Knox slumped back on the bed. "Look, what do you say we all plan to do something together when he gets back? Go away somewhere. Maybe the Mediterranean. Just the three of us. Wind down and take a breather. My dime."

"That sounds great. But the Med is expensive and I probably make more money than you. How about I chip in too? Mark's the poor one. Serving his country doesn't even get him minimum wage."

"Nope, my dime. And you need to save your dollars."

"Why?"

"To take care of me in my old age. I won't be doing this crap forever."

There was a change in his tone when he said this and his daughter was quick to pick up on it.

"Dad, is everything okay?"

"Fine, sweetie. And a piece of advice, you don't waste premium theater tickets on old farts like me. You get a nice young man to join you in seeing Wicked. I want grandchildren, okay? I'm not getting any younger here."

"Okay, sure."

"I'll talk to you soon, honey."

"Good-bye, Dad.

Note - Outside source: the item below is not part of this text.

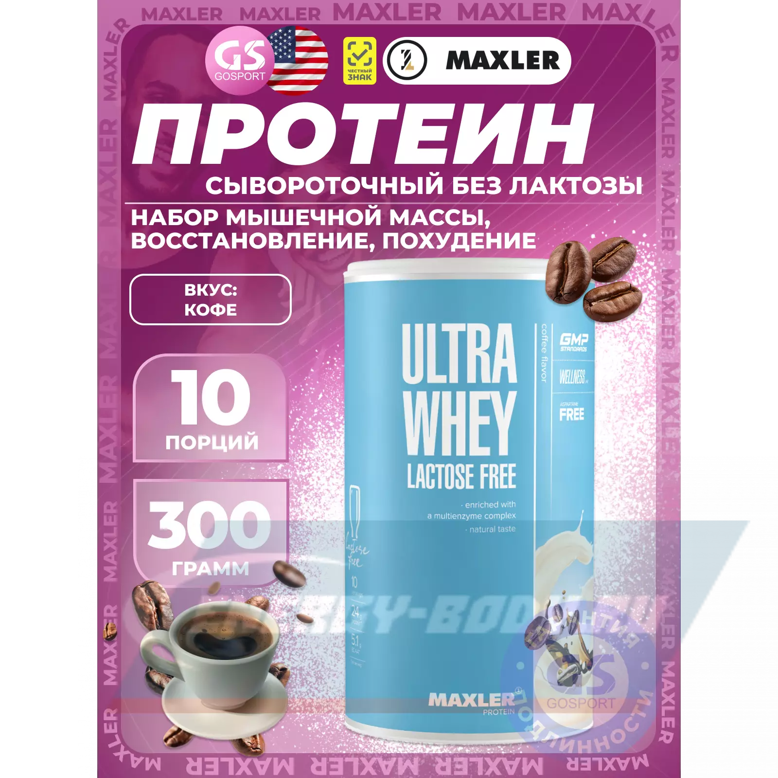 MAXLER Ultra Whey Lactose Free 300 г, Кофе — Отсутствие лактозы, Минимальное количество жиров и сахаров

And… take care of yourself."

"Always."

"Dad?"

"Yeah?"

"Are you sure you're okay?"

Knox didn't want to hesitate, but for some reason he did. "Everything will be fine, Mel."

Knox clicked off and dropped the phone on the bed. Now he felt worse than he did before he'd called. He knew he'd frightened his daughter and there was nothing he could do about it now. Maybe he wanted to scare her. Or at least prepare her for when he didn't come back home, or even for when she might have to come and ID his body.

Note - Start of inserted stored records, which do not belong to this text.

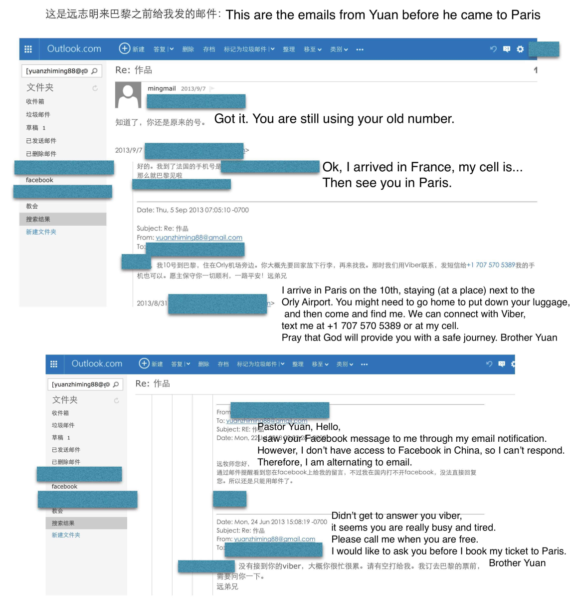 远牧师离开巴黎后的那天,给VC发了一条短信22。VC没有回复。几天后,远牧师将他们第一天见面时他在所住宾馆房间里为她拍摄的照片,通过电子邮件发送给了她23。大约一个月以后,VC又接到远牧师的一个电话。VC说,当时她没有认出那个电话是谁打来的,就接了电话。远牧师在电话另一端问她是不是还生他的气,为什么没有回复他先前发的短信。她说,他没有再提起实习的事,只是想知道她是不是还生他的气。VC记不清他们之间对话的细节了,但她仍然记得,她虽然对他的不端行为非常气愤,但不想表现得很无理,就在电话里告诉远牧师说她不生气。这些事发生以后,VC说,她对去神州(CSFCF)实习再也不感兴趣了。GF记得,VC对她说过,她曾经接到过远牧师的电话,但远牧师假装好像什么错事都没有做过一样,没有为他的行为道歉。
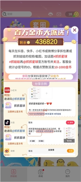 •【星球社区】:全新社区功能已正式上线啦!赶紧来这儿分享你在星球上收获的满满快乐吧~还能秀出你的抓娃娃超能力,轻松圈粉无数哦!
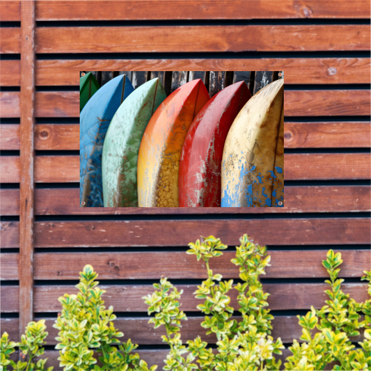 Kleurrijke Surfplank in Glinsterende Zee bij Zonsondergang tuinposter
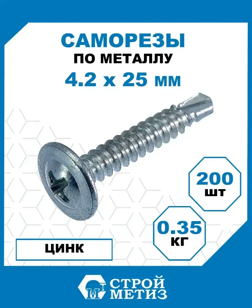 Саморезы Стройметиз металл-металл со сверлом 4.2х25, сталь, покрытие - цинк, 200 шт.

He looked around the dismal interior of his room. How many crappy hole-in-the-walls, how many effed-up towns, how many shitty countries had he spent the majority of his life in? The answer was clear: way too many.

He lay back on the bed feeling lonelier than he ever had.

Wicked? Yeah, I can tell you all about wicked, honey. But then I'm afraid you'd hate your old man, and I'd rather eat a machine-gun round.

His cell phone buzzed.

It was Hayes. He knew without even looking. He didn't want to answer it but he had to. Official protocol, meaning he didn't want to be transferred to undercover duty in, say, Tehran or Pyongyang.

"Joe Knox."

Hayes snapped, "Where are you?"

"On the hunt."

"On the hunt precisely where?"

" Southwest Virginia."

"That's not precise enough."

"To tell you the truth, I'm not even sure where I am and the reception up here is lousy, sir, I can barely hear you."

Hayes raised his voice a few notches. "Have you sighted him yet?"

"If I had I would've already called you. I'm just trying to run some leads down and get a more pinpoint location."

"Why didn't you have the chopper take you all the way in?"

Because then you'd know exactly where I was. "A bird dropping a fed in the middle of this place would've aroused a little bit of suspicion. If Carr was around he wouldn't have been much longer. I'm going to poke around and then get back to you."

"I'm not exactly on board with how you're handling this, Knox."

"Flying by the seat of my pants, sir. Doing the best I can, what with all the prohibitions on what I can look at or the roads I can go down."

"The minute you know anything, Knox. The very minute!" He clicked off.

Knox looked up in time to see the Fonz deliver his trademark line on TV.

"Sit on it, asshole," Knox said in his best Arthur Fonzarelli voice.